## Data block
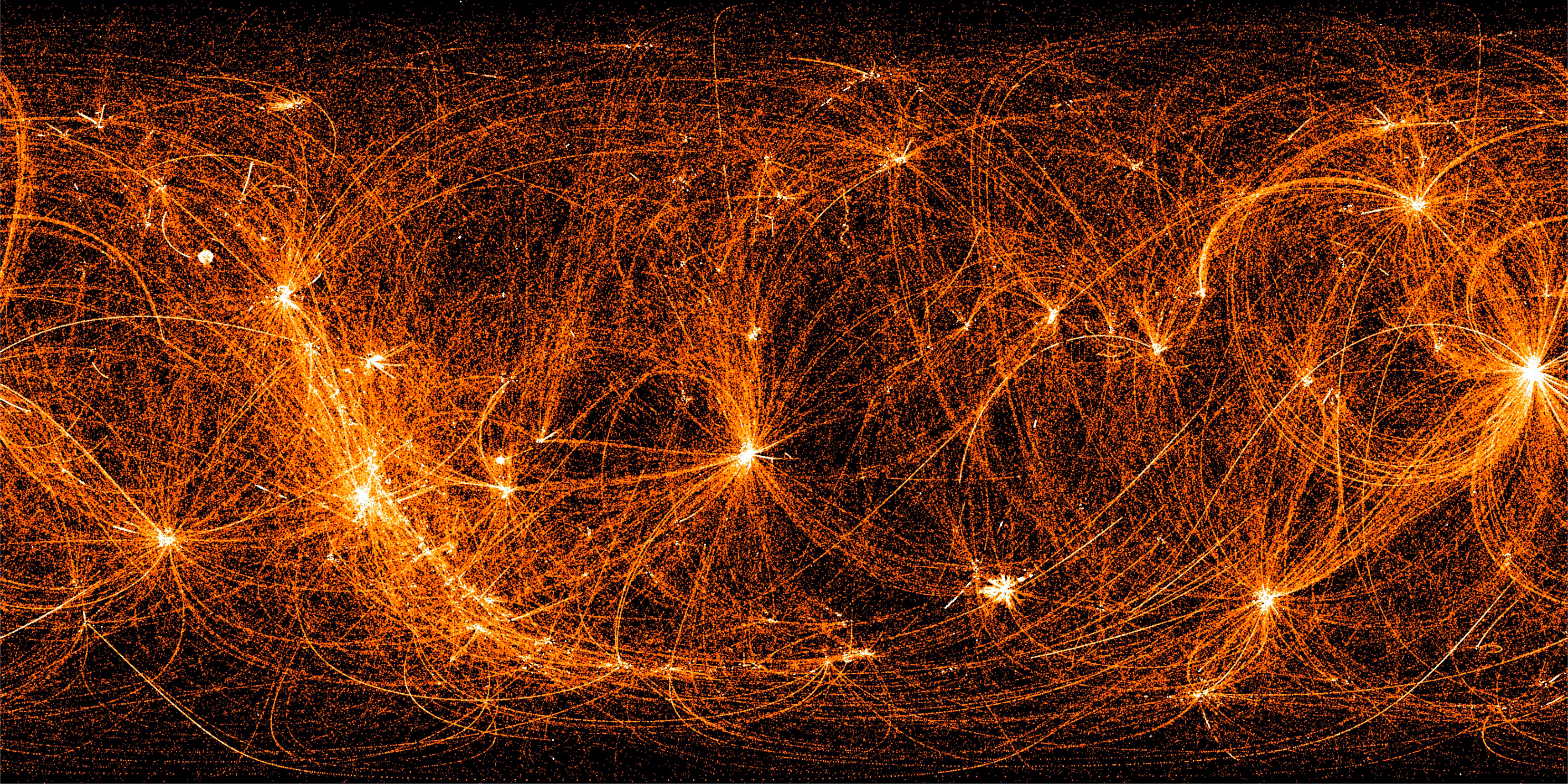 Explanation: A payload on board the International Space Station, the Neutron star Interior Composition Explorer (NICER) twists and turns to track cosmic sources of X-rays as the station orbits planet Earth every 93 minutes. During orbit nighttime, its X-ray detectors remain on. So as NICER slews from target to target bright arcs and loops are traced across this all-sky map made from 22 months of NICER data. The arcs tend to converge on prominent bright spots, pulsars in the X-ray sky that NICER regularly targets and monitors. The pulsars are spinning neutron stars that emit clock-like pulses of X-rays. Their timing is so precise it can be used for navigation, determining spacecraft speed and position. This NICER X-ray, all-sky, map is composed in coordinates with the celestial equator horizontally across the centre.
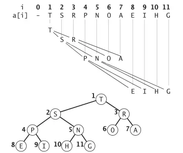 从 a[k] 向上一层,就令 k 等于 k/2 ,向下一层则令 k 等于 2k 或 2k+1
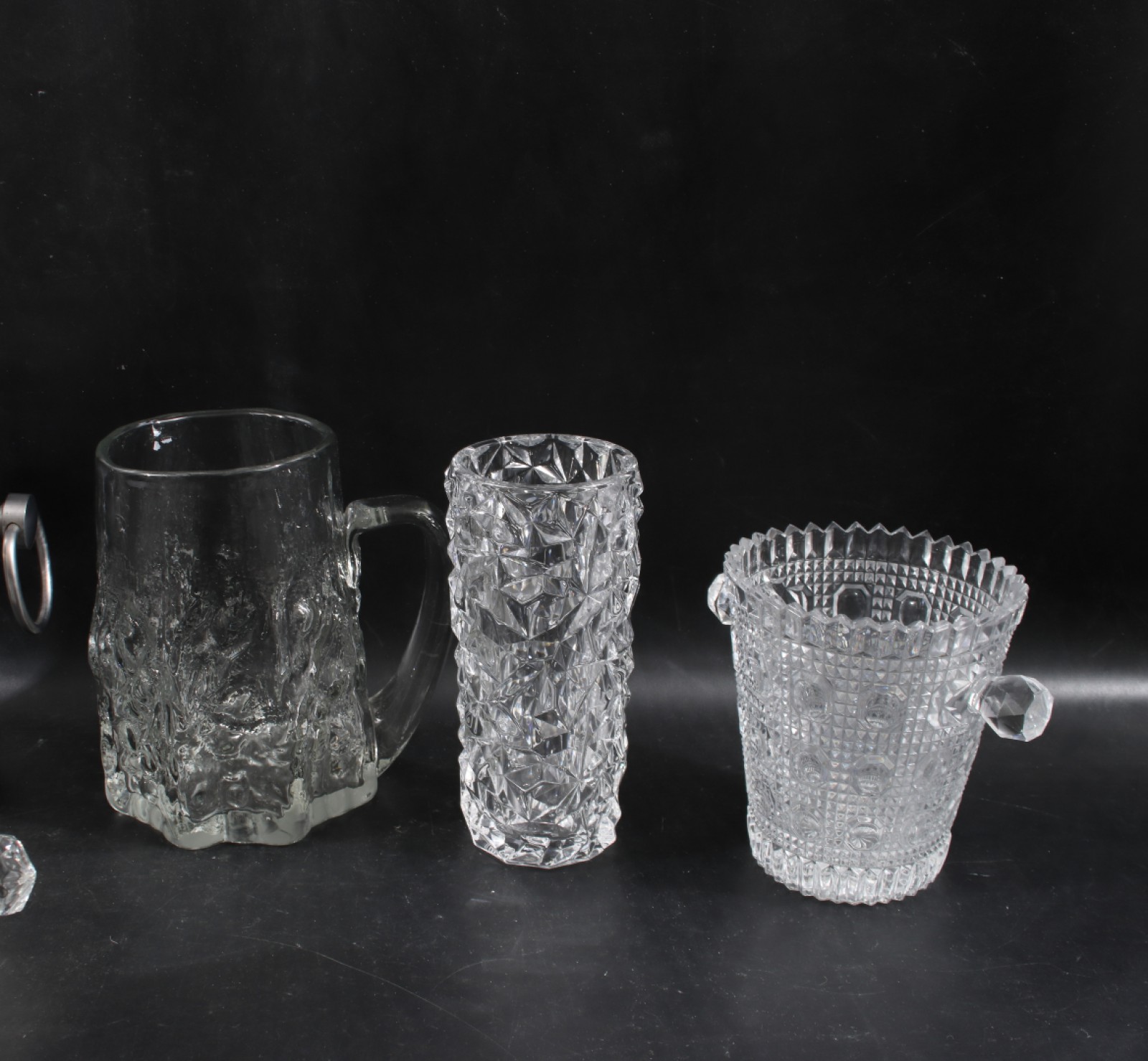 6 delar, champagnekylare i rostfritt övriga delar i glas, höjd 19 cm och lägre. (vån3)

## Work item
Reproduce every line above exactly as written, omitting the images.

## Exercise output
 Explanation: A payload on board the International Space Station, the Neutron star Interior Composition Explorer (NICER) twists and turns to track cosmic sources of X-rays as the station orbits planet Earth every 93 minutes. During orbit nighttime, its X-ray detectors remain on. So as NICER slews from target to target bright arcs and loops are traced across this all-sky map made from 22 months of NICER data. The arcs tend to converge on prominent bright spots, pulsars in the X-ray sky that NICER regularly targets and monitors. The pulsars are spinning neutron stars that emit clock-like pulses of X-rays. Their timing is so precise it can be used for navigation, determining spacecraft speed and position. This NICER X-ray, all-sky, map is composed in coordinates with the celestial equator horizontally across the centre.
 从 a[k] 向上一层,就令 k 等于 k/2 ,向下一层则令 k 等于 2k 或 2k+1
 6 delar, champagnekylare i rostfritt övriga delar i glas, höjd 19 cm och lägre. (vån3)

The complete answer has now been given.